Back then, I only understood "I need to use this magical thing to connect outside." I truly grasped what proxies were much later when I started using Nginx for my own service.
Honestly, when I first started my startup, I didn't care about proxies at all. I had one server running on my laptop—why would I need a proxy? But as users grew, I had to scale to multiple servers, implement HTTPS, attach a CDN, and that's when I encountered Reverse Proxy. And it clicked: "Oh, this is all just proxies."
"Forward Proxy" and "Reverse Proxy" threw me off completely. Forward means "forward"? Then Reverse means "backward"? Both relay requests in the middle, so what's the actual difference?
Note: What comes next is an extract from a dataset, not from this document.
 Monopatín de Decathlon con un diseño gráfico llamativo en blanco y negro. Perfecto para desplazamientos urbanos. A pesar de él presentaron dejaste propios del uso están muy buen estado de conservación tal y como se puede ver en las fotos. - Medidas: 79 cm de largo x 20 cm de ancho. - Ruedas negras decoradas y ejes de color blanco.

And I kept confusing it with VPNs. VPNs also hide my IP, so aren't they the same thing? Even more confusing: the client's IT team told me "Turn on VPN AND set up the proxy." Wait, so VPN and proxy are different? Do I use them together?
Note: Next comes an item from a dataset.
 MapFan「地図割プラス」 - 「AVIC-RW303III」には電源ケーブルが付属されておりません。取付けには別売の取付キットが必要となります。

Then there was Transparent Proxy. My ISP inserts a proxy at the network level, but I never configured anything—how does that even work? None of it made sense.
I couldn't grasp the core concept. I just had this vague idea: "proxy = something in the middle."
Then I heard this analogy and everything clicked:
"A proxy is an agent. Like sending a personal shopper to a luxury store when you're too shy to go yourself.
- Forward Proxy: Your (client's) agent. Hides who you are and buys stuff for you.
- Reverse Proxy: The store's (server's) agent. Greets customers at the entrance because the store is busy."
The key: who are you working for? This analogy hit home for me. They both relay requests in the middle, but they represent different parties.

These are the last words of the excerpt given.